**TRY IT**
With pictures excluded, output exactly the lines that run from the first line of the data below through the line containing "东莞市新有能源投资有限公司工".

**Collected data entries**
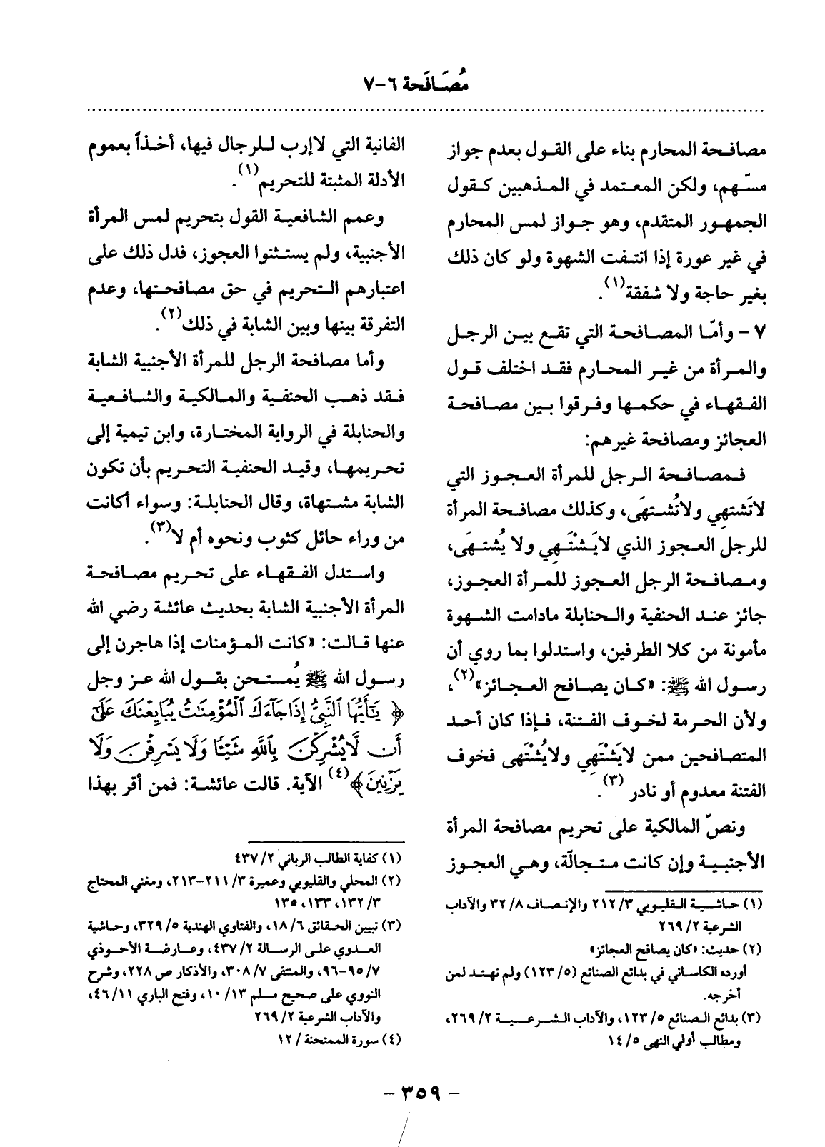 (2) حديث: " كان يصافح العجائز ". أورده الكاساني في بدائع الصنائع (5 / 123) ولم نهتد لمن أخرجه.
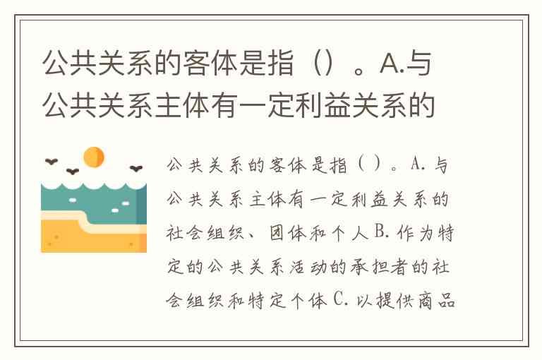 公共关系的客体是指()。A.与公共关系主体有一定利益关系的社会组织、团体和个人 B.作为特定的公共关系活动的承担者的社会组织和特定个体 C.以提供商品、劳务为手段,以实现营利为目的的基本经济单位 D.公共关系的活动方式和工作过程
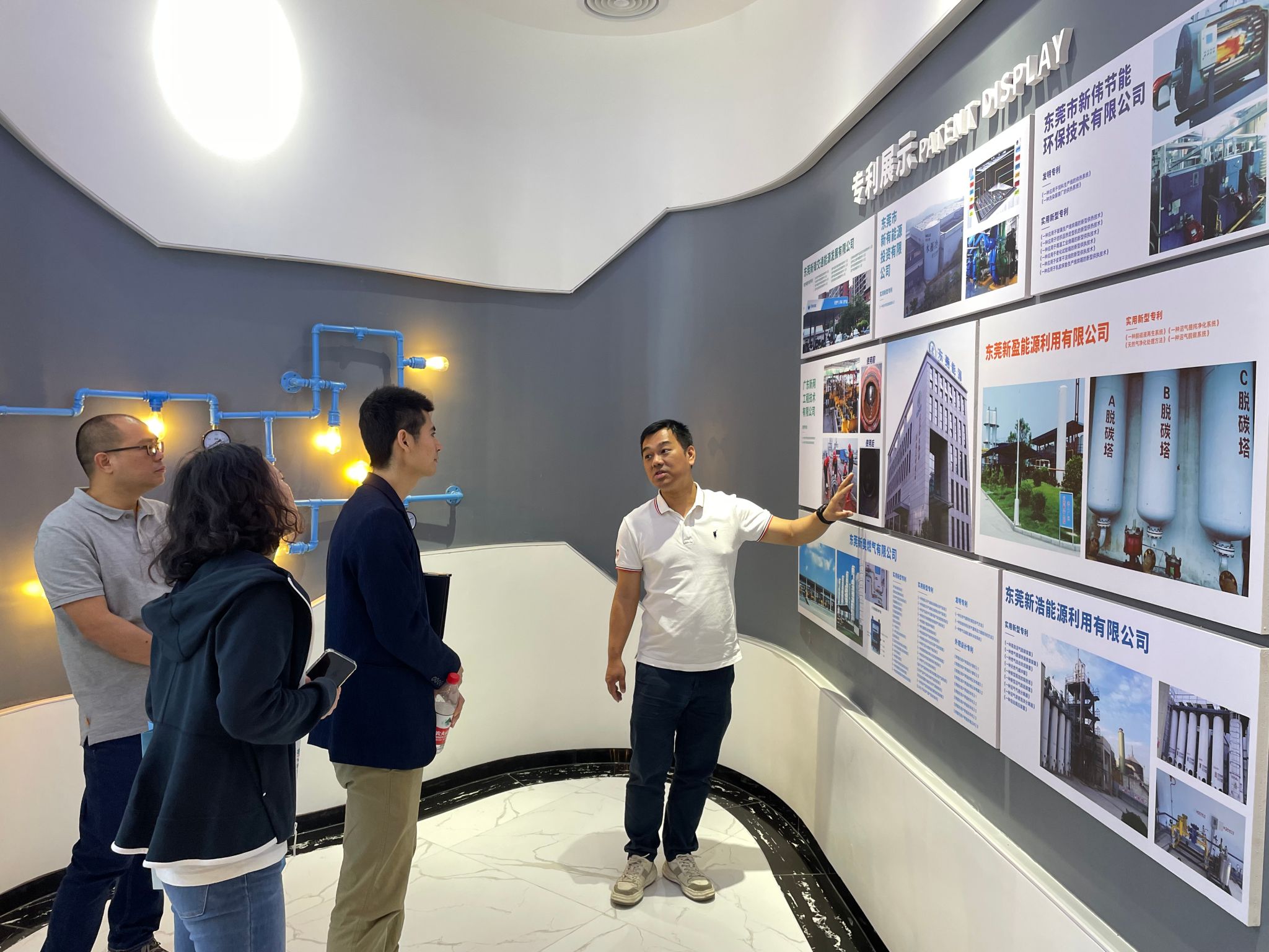 东莞市新有能源投资有限公司工程技术部经理刘松胜、东莞新锋光伏能源科技有限公司工程部主管苏志盛对蘑菇视频 一行到来表示热烈欢迎,带领大家参观了能源研究院展览厅,重点介绍了公司的发展布局、现有项目情况及主要成果。
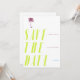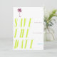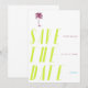 Um simples e moderno cartão de salve a data em cores da moda, com um motivo de palmeira vintage. Perfeito para casamentos retrô, casamentos de destino ou aqueles que acontecem em um local tropical.
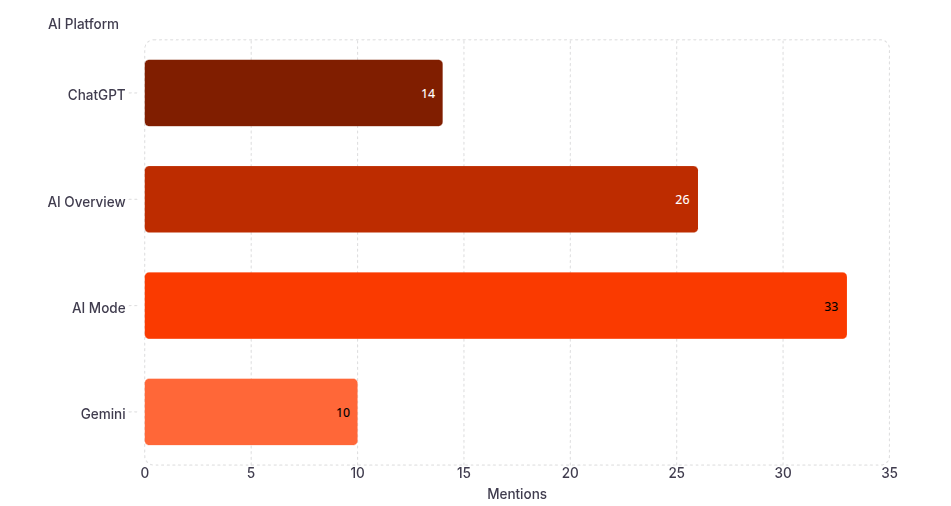 - Total Mentions: 83 (+26%) across AI platforms
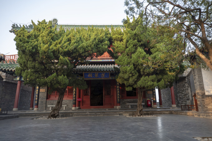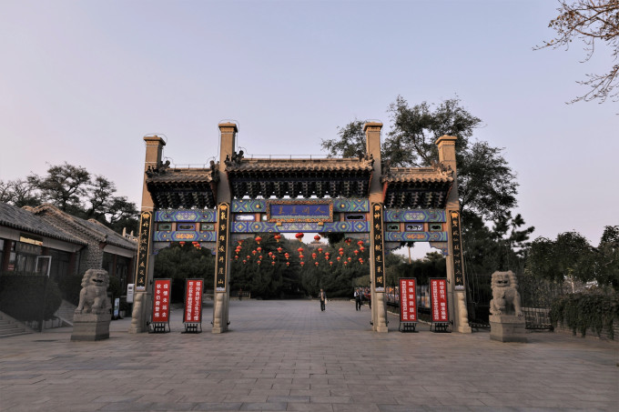 过丹崖仙境牌坊就到了显灵门。正门上有显灵石刻匾。显灵门是天后宫的宫门。天后宫里供奉的是海神娘娘,过去渔民最崇敬的就是海神娘娘,常来这里祈祷海神娘娘保佑出海平安无事。
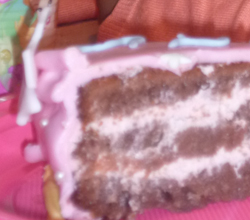 L’intérieur est du chocolat et du cream cheese framboise. J’ai coupé en 3 la base pour que l’on voit 2 traits de garniture à la découpe.

**TASK ANSWER**
 (2) حديث: " كان يصافح العجائز ". أورده الكاساني في بدائع الصنائع (5 / 123) ولم نهتد لمن أخرجه.
 公共关系的客体是指()。A.与公共关系主体有一定利益关系的社会组织、团体和个人 B.作为特定的公共关系活动的承担者的社会组织和特定个体 C.以提供商品、劳务为手段,以实现营利为目的的基本经济单位 D.公共关系的活动方式和工作过程
 东莞市新有能源投资有限公司工程技术部经理刘松胜、东莞新锋光伏能源科技有限公司工程部主管苏志盛对蘑菇视频 一行到来表示热烈欢迎,带领大家参观了能源研究院展览厅,重点介绍了公司的发展布局、现有项目情况及主要成果。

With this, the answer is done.